** Opening Data for this exercise block **

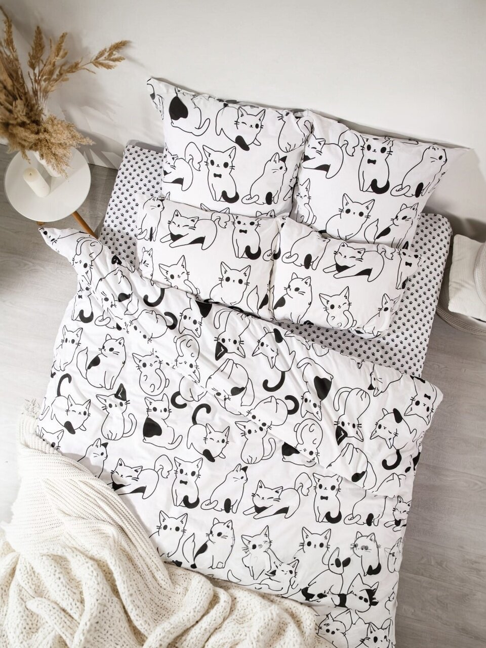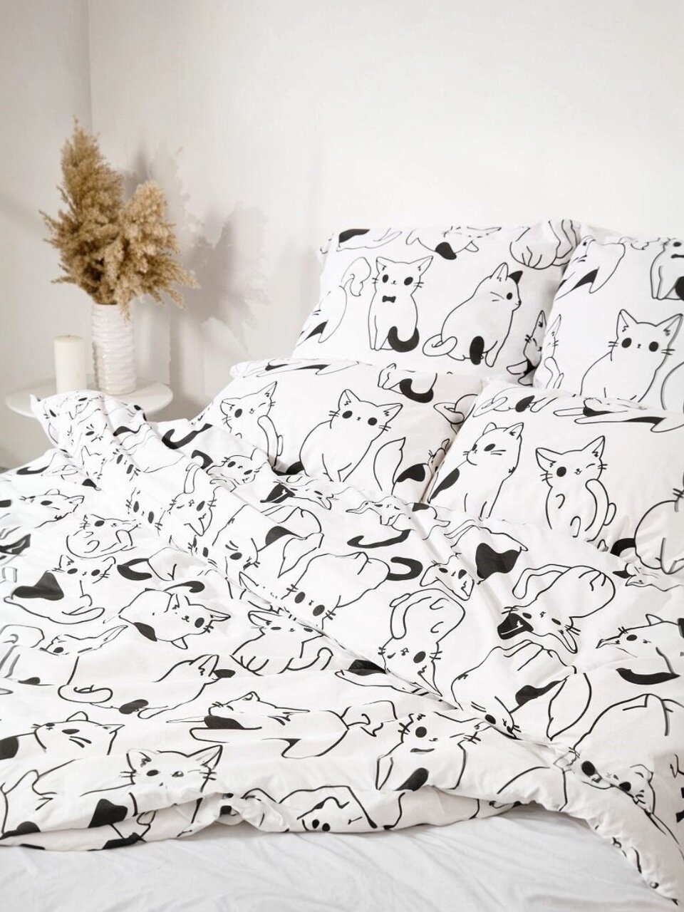 - Универсальный комплект: простыня 145х215 см, пододеяльник 145х215 см, две наволочки 50х70 см — подходит для подростков, взрослых, детей.
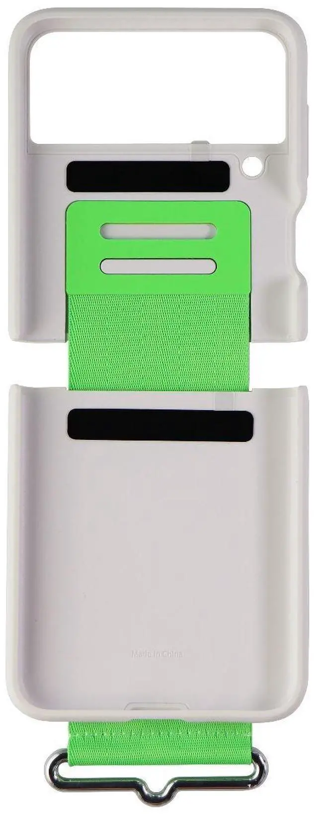 The Official Samsung Silicone Cover with Strap for Galaxy Z Flip3 5G Smartphones. White and Green version. Model: (EF-GF711TWEGUS).
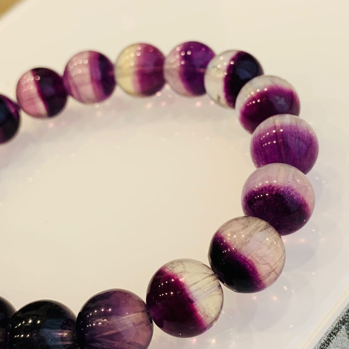 - フローライトブレスレット バイカラー パープル 天然石 天才の石 10.8ミリ 【K225】
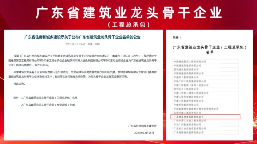 喜報 | 建星集團(tuán)入選“廣東省建筑業(yè)龍頭骨干企業(yè)”
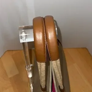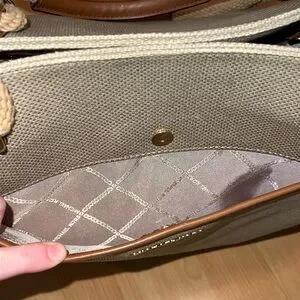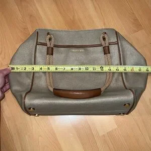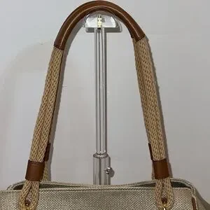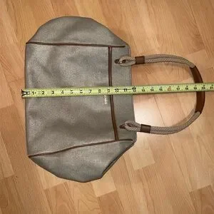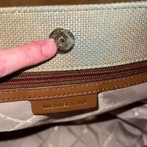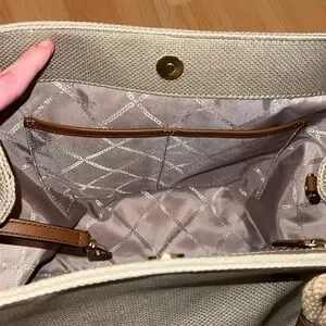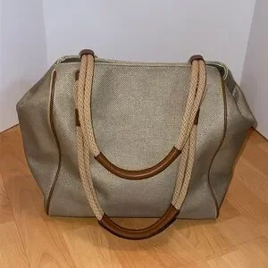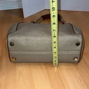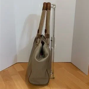 Pale gold/beige cotton canvas grab bag tote with tan faux leather accents. Has gold tone hardware, gold tone metal feet on bottom of bag, outer slip pocket with magnetic button closure. Inside of bag is clean & spotless. It has a magnetic button closure, one zippered pocket & two smaller slip pockets.
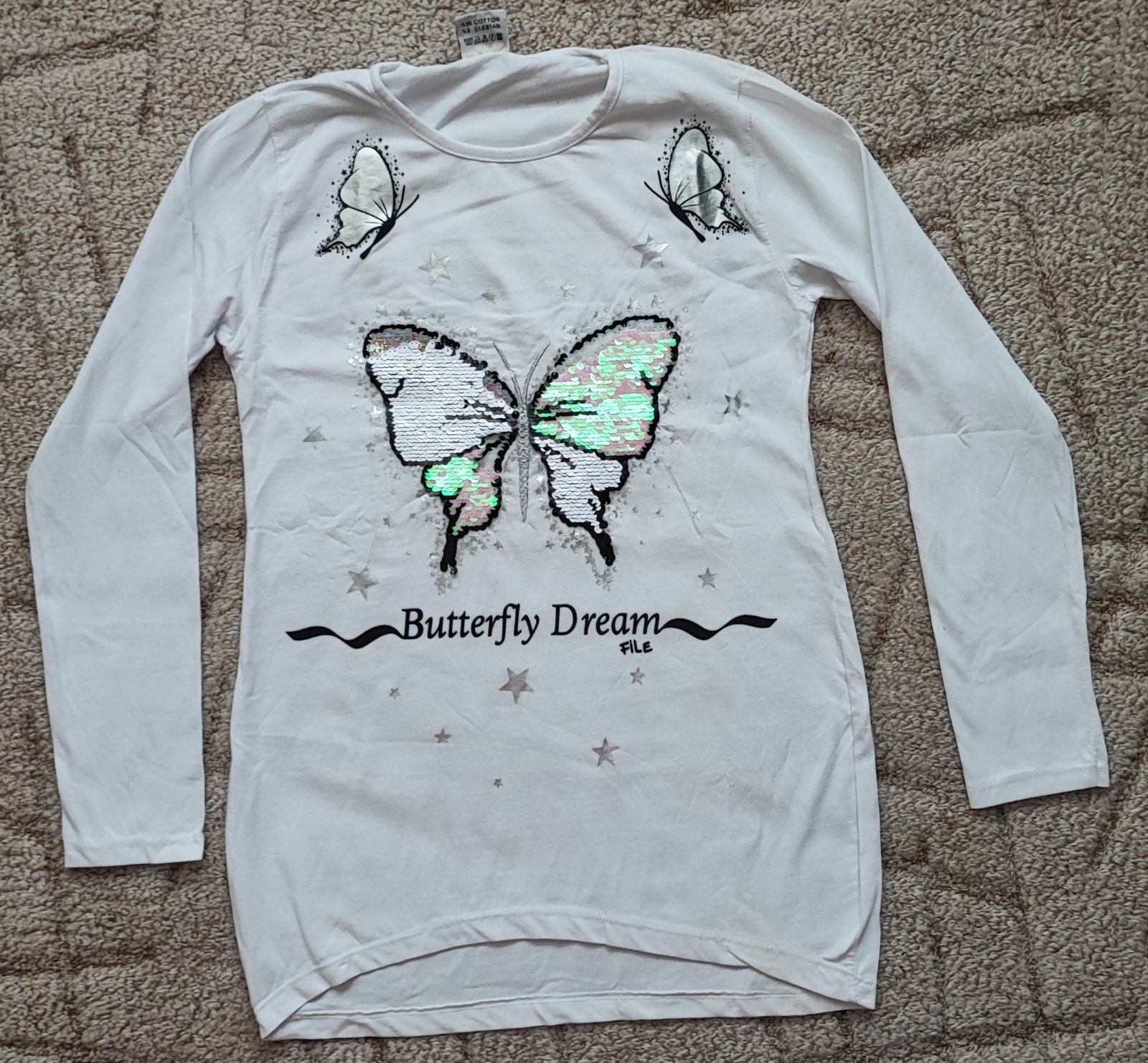 prodám bílé triko Sisley s kamínkovou výšivkou. Nošené chvíli, vyprané, naprosto v pořádku, vady jsem na něm nenašla. Vel. 152 (10-12 let) Rozměry: celková délka zad 49 cm, šířka pod průramky 38 cm...

** Closing Data for this exercise block **

* [About this exercise]
Print the full listing above again with exact wording and no images.

* [Task solution]
 - Универсальный комплект: простыня 145х215 см, пододеяльник 145х215 см, две наволочки 50х70 см — подходит для подростков, взрослых, детей.
 The Official Samsung Silicone Cover with Strap for Galaxy Z Flip3 5G Smartphones. White and Green version. Model: (EF-GF711TWEGUS).
 - フローライトブレスレット バイカラー パープル 天然石 天才の石 10.8ミリ 【K225】
 喜報 | 建星集團(tuán)入選“廣東省建筑業(yè)龍頭骨干企業(yè)”
 Pale gold/beige cotton canvas grab bag tote with tan faux leather accents. Has gold tone hardware, gold tone metal feet on bottom of bag, outer slip pocket with magnetic button closure. Inside of bag is clean & spotless. It has a magnetic button closure, one zippered pocket & two smaller slip pockets.
 prodám bílé triko Sisley s kamínkovou výšivkou. Nošené chvíli, vyprané, naprosto v pořádku, vady jsem na něm nenašla. Vel. 152 (10-12 let) Rozměry: celková délka zad 49 cm, šířka pod průramky 38 cm...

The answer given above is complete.